Оуэн схватил полный до краев стакан с пивом, который, как он знал, стоит на прикроватном столике. Из него не было сделано ни единого глотка. Жадно глотая, он в ужасе смотрел на окно, дрожа от сочувствия к бедному кипарису, даже сейчас взбирающемуся на скалу, чтобы не опоздать на встречу в Самарре[1]. Неизбежно сверкнула молния...
Значит, сейчас он еще вообще не разговаривал с доктором Краффтом о путешествиях во времени. Этого еще не произошло! Как Оуэн мог доказать, что часы — машина времени? Видимо, она воздействовала лишь на него одного. Не только ей не мог воспользоваться никто другой, но и у самого Оуэна не получилось бы показать результат действия этих часов, автоматически не стерев последние воспоминания Краффта.
В отчаянии Оуэн осушил стакан с пивом, отбросил его в сторону, выключил ночник и притворился свернувшимся гастроподом, закопавшись под одеяло и ни о чем не думая. Он не смел думать. Если бы он увидел, как чертов кипарис получает еще один удар молнией, то, наверное, спрыгнул бы со скалы следом за ним. Все казалось совершенно невозможным, очевидно, каким-то необъяснимым образом он напился, обезумел и грезил наяву. Оуэн полностью выключил сознание.
И через долгое, долгое время, наконец, заснул.
Ему приснился странный сон.
Во сне Оуэн был рыбой, бездельничающей в водах тропического моря. Высоко над ним проплывала тень корабля, странно напоминающая гигантский деревянный башмак. Из тени тянулись вниз длинные стержни, медленно изучающие дно моря, как телескопы. Оуэн подплыл к одному из них. Вода текла через его жабры, напоминая об удивительном, необъяснимом напитке времени, который он испил из голубых эмалевых часов, будучи человеком. Казалось, это произошло давным-давно.
Пошевеливая плавниками, Оуэн опустился под ближайший стержень и подплыл ближе, вглядываясь в то, что могло быть линзой. Он смотрел прямо в большой, внимательный, странный голубой глаз...
Оуэн проснулся.
Голубой глаз оказался квадратом ясного голубого неба в окне. Оуэн лежал, глядя на него и не желая принять темноту реального мира. Он все еще не отошел от сна и слабо махал руками, пытаясь плавно выплыть из кровати. Но вскоре понял, что больше не является рыбой. Он был Питером Оуэном, с ужасными проблемами и темным будущим.
Он сел и заранее начал бояться предстоящего дня. Жизнь в качестве секретаря дяди Эдмунда мало чем могла похвастать, особенно сейчас, когда все надежды выхлопотать роль леди Пантагрюэль для Клэр были мертвы.

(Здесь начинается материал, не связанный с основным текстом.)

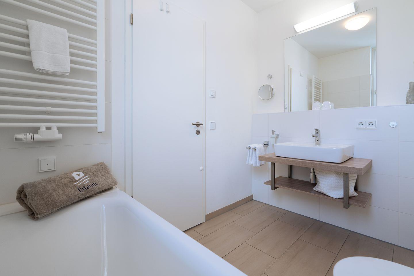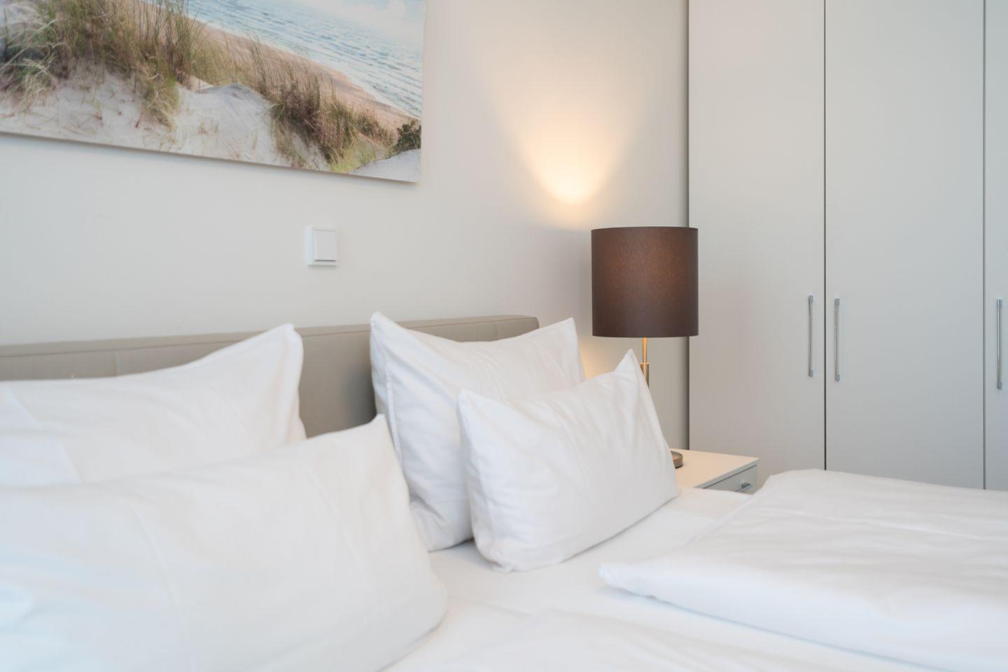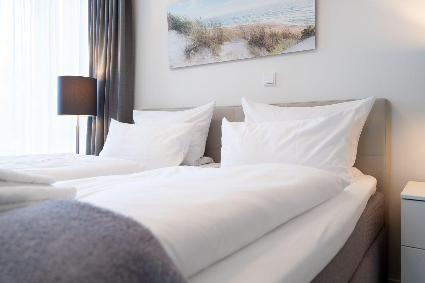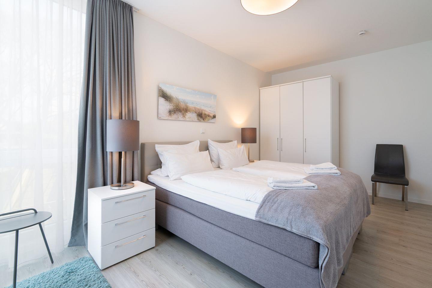 Diese herrliche Wohnung im ersten Obergeschoss ist 83 qm groß und hat drei Zimmer - zwei Schlafzimmer, jeweils mit Boxspring-Doppelbett, ein Wohnzimmer mit Küchenzeile und Schlafsofa. Sie ist für eine Belegung mit bis zu fünf Personen gut geeignet. Auch Hunde sind in dieser Wohnung herzlich willkommen (gegen Aufpreis)!

Дядя Эдмунд находился в худших из возможных отношений со всеми, кого встречал, причем сам к этому и стремился! Он даже пытался то и дело поссориться с миролюбивым доктором Краффтом, впрочем, так ничего и не добившись. Со всеми остальными он постоянно и с радостью ругался, и одной из самых сложных обязанностей его секретаря было улаживание этих конфликтов до такой степени, чтобы сохранить С. Эдмунду Штамму жизнь. На тот момент дядя Эдмунд состоял в смертельной вражде с начальником полиции Лас Ондаса и с местным мусорщиком. И всему этому дядя Эдмунд уделял искреннее внимание.
Это делало жизнь посредника между дядей Эдмундом и всем остальным человечеством очень сложной. Но уже завтра Питер Оуэн перестанет им быть. Возможно, умрет, — потому что уйти от дяди Эдмунда было все равно, что пригласить к себе домой молнию, — но смерть это еще не худший конец.
С НЕСЧАСТНЫМ ВИДОМ Оуэн посмотрел в окно. Скала успокаивала тем, что на ней не было кипариса, и это слегка улучшило настроение племянника.
— Что за сон, — пробормотал он.
Потому что это должен был быть сон, — скорее два сна, один с пивом и кипарисом, а второй с рыбой и кораблем. В каком-то еще были часы или нет? Оуэн глянул на прикроватный столик. Только электрические часы.
Ах, это сон, — подумал он. — Ясный, но все же сон.
Он говорил это себе, — не сильно веря в свои слова, — спускаясь на завтрак на нижний этаж.
— Необязательно было так торопиться, — оторвавшись от овсяной каши, сказал дядя Эдмунд с едкой улыбкой.
— Дядя Эдмунд, — сделав глубокий вдох, начал Оуэн. — Дядя Эдмунд, заткнитесь! Я от вас ухожу.